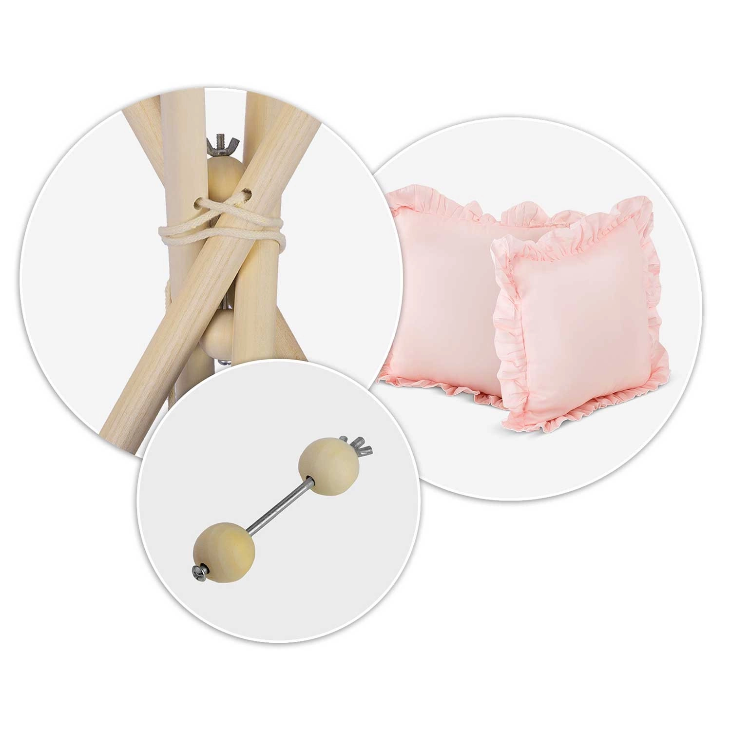 Négy fenyőfa rúd és a mellékelt stabilizátor gondoskodik a szilárdságról és a biztonságról. A sátor otthon és a teraszon is könnyen összeállítható és mozgatható.
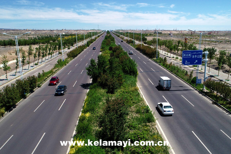 白堿灘區(qū)(克拉瑪依高新區(qū))連通克拉瑪依市區(qū)的克白快速路。 本報記者 李浩然 攝
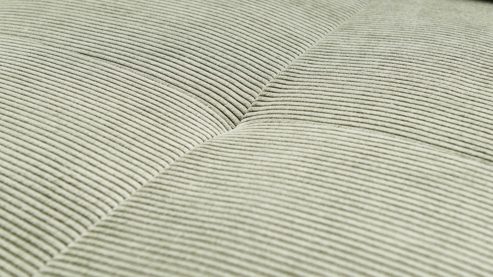 Das Ecksofa aus der Serie SOFAkultur SK 745 2.0 kombiniert mattschwarze Metallfüße mit einem olivgrünen Feincordbezug - und präsentiert sich somit modern-elegant designt.
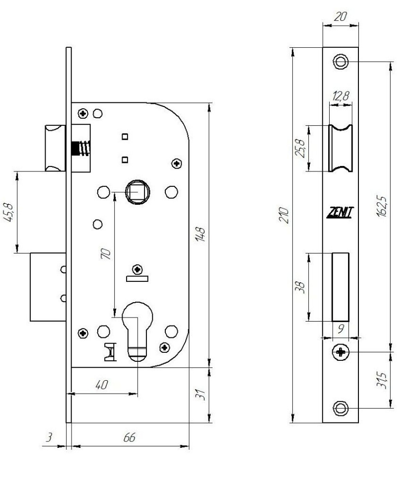 Замок врезной с/руч Д-град Зенит ЗВ7-70.4-02 хром
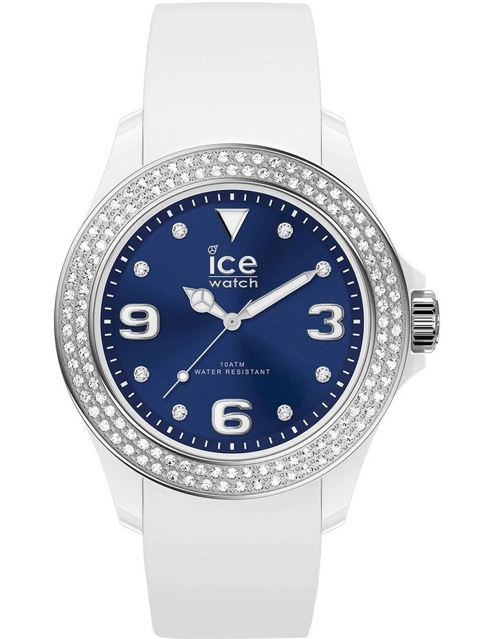 You will simply love the shimmering lustre of the ICE star white deep blue smooth watch! This small white timepiece, featuring a dial with silver details studded with sparkling crystals, will brighten up your wrist for a sophisticated look. It is radiant, feminine and incredibly chic, with a captivating glossy deep midnight blue dial.
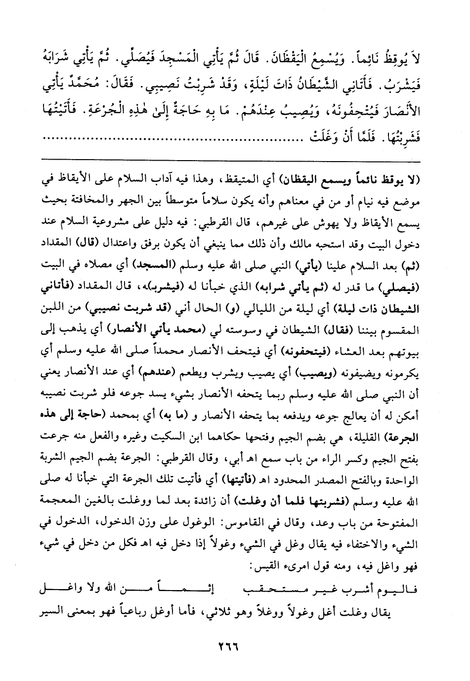 لَا يُوقِظُ نَائِمًا. وَيُسْمِعُ الْيَقظَانَ. قَال ثُمَّ يَأتِي الْمسْجِدَ فَيُصَلِّي. ثُمَّ يَأتِي شَرَابَهُ فَيَشْرَبُ. فَأَتَانِي الشيطَانُ ذَاتَ لَيلَةٍ، وَقَدْ شَرِبتُ نَصِيبِي. فَقَال: مُحَمَّدٌ يَأْتِي الأنصَارَ فَيُتْحِفُونَهُ، ويصِيبُ عِنْدَهُمْ. مَا بِهِ حَاجَة إلى هذِهِ الْجُرْعَةِ. فَأَتَيتُهَا فَشَرِبْتُهَا. فَلَمَّا أَنْ وَغَلَت
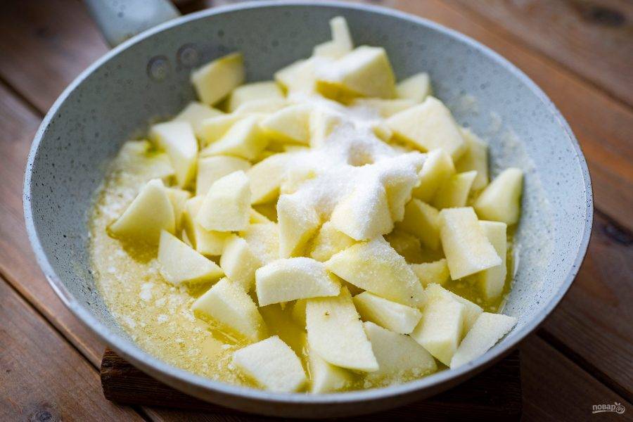 Пока тесто отдыхает, займитесь начинкой. С трех яблок снимите кожицу, удалите семенной отдел. Яблочную мякоть нарежьте небольшими кусочками и выложите в сковороду с уже растопленным на маленьком огне сливочным маслом. К яблокам добавьте сахар (80 грамм).
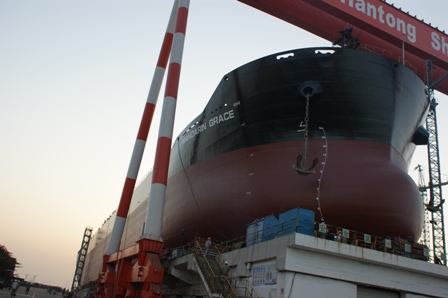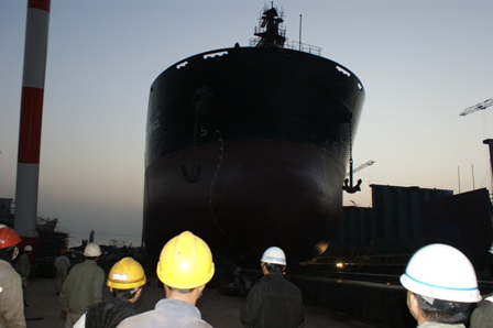 我司為大新船東建造的57000噸散貨輪(船體號HT071)于2010年12月8日下午16:30在我司1號船臺舉行下水儀式,該船入ABS,計劃于2011年春節(jié)前交船。李繼念副總及船東船檢代表參加了該儀式。
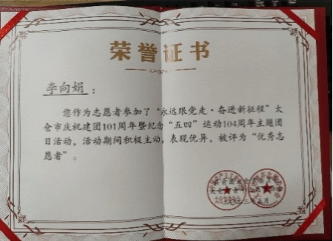 在社团活动上,李向娟积极参加员工工作,努力做到全面发展。曾担任公司研究生会第二、三届主席团成员、员工第四党支部副书记兼组织委员。任职期间坚持全心全意为同学服务,工作踏实认真,积极服务师生,成功举办了就业经验分享、心理游园会、党史知识竞赛等丰富多彩的活动。
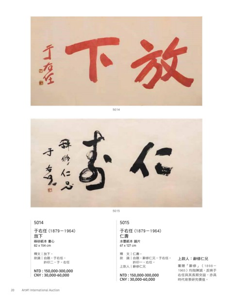 CNY : 30,000-60,000 NTD : 150,000-300,000 右任與其長期交誼,亦具 NTD : 300,000-600,000 往的僧侶友人。署贈開
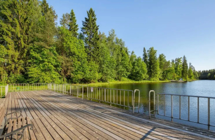 Большой участок 31 сотка с взрослыми хвойными деревьями, правильной формы, и самый высокий в поселке - именно поэтому с него открываются живописные виды на лес.
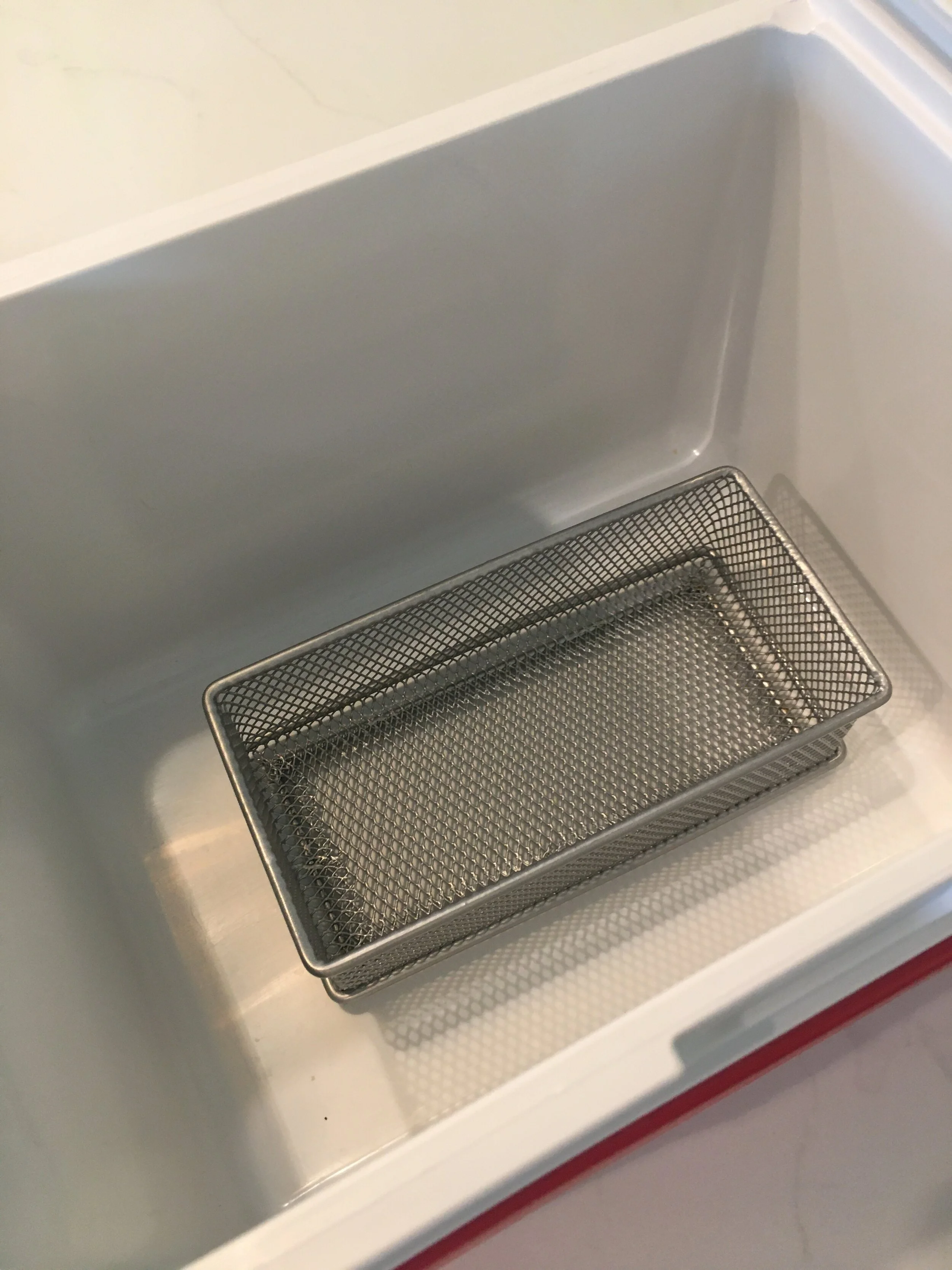 Mesh organizer-The one I have is from the container store, 3" x 6" x 2" h. size is important since it needs to fit in the cooler. you could also use pvc pipe, legos, anything to elevate the cube tray in the cooler.

++++++++++++++++++++

◆ Problem details ◆
Please copy exactly, and only, the lines from the one that contains "Das Ecksofa aus" through the last line of the data above, omitting all pictures.

◆ Task response ◆
 Das Ecksofa aus der Serie SOFAkultur SK 745 2.0 kombiniert mattschwarze Metallfüße mit einem olivgrünen Feincordbezug - und präsentiert sich somit modern-elegant designt.
 Замок врезной с/руч Д-град Зенит ЗВ7-70.4-02 хром
 You will simply love the shimmering lustre of the ICE star white deep blue smooth watch! This small white timepiece, featuring a dial with silver details studded with sparkling crystals, will brighten up your wrist for a sophisticated look. It is radiant, feminine and incredibly chic, with a captivating glossy deep midnight blue dial.
 لَا يُوقِظُ نَائِمًا. وَيُسْمِعُ الْيَقظَانَ. قَال ثُمَّ يَأتِي الْمسْجِدَ فَيُصَلِّي. ثُمَّ يَأتِي شَرَابَهُ فَيَشْرَبُ. فَأَتَانِي الشيطَانُ ذَاتَ لَيلَةٍ، وَقَدْ شَرِبتُ نَصِيبِي. فَقَال: مُحَمَّدٌ يَأْتِي الأنصَارَ فَيُتْحِفُونَهُ، ويصِيبُ عِنْدَهُمْ. مَا بِهِ حَاجَة إلى هذِهِ الْجُرْعَةِ. فَأَتَيتُهَا فَشَرِبْتُهَا. فَلَمَّا أَنْ وَغَلَت
 Пока тесто отдыхает, займитесь начинкой. С трех яблок снимите кожицу, удалите семенной отдел. Яблочную мякоть нарежьте небольшими кусочками и выложите в сковороду с уже растопленным на маленьком огне сливочным маслом. К яблокам добавьте сахар (80 грамм).
 我司為大新船東建造的57000噸散貨輪(船體號HT071)于2010年12月8日下午16:30在我司1號船臺舉行下水儀式,該船入ABS,計劃于2011年春節(jié)前交船。李繼念副總及船東船檢代表參加了該儀式。
 在社团活动上,李向娟积极参加员工工作,努力做到全面发展。曾担任公司研究生会第二、三届主席团成员、员工第四党支部副书记兼组织委员。任职期间坚持全心全意为同学服务,工作踏实认真,积极服务师生,成功举办了就业经验分享、心理游园会、党史知识竞赛等丰富多彩的活动。
 CNY : 30,000-60,000 NTD : 150,000-300,000 右任與其長期交誼,亦具 NTD : 300,000-600,000 往的僧侶友人。署贈開
 Большой участок 31 сотка с взрослыми хвойными деревьями, правильной формы, и самый высокий в поселке - именно поэтому с него открываются живописные виды на лес.
 Mesh organizer-The one I have is from the container store, 3" x 6" x 2" h. size is important since it needs to fit in the cooler. you could also use pvc pipe, legos, anything to elevate the cube tray in the cooler.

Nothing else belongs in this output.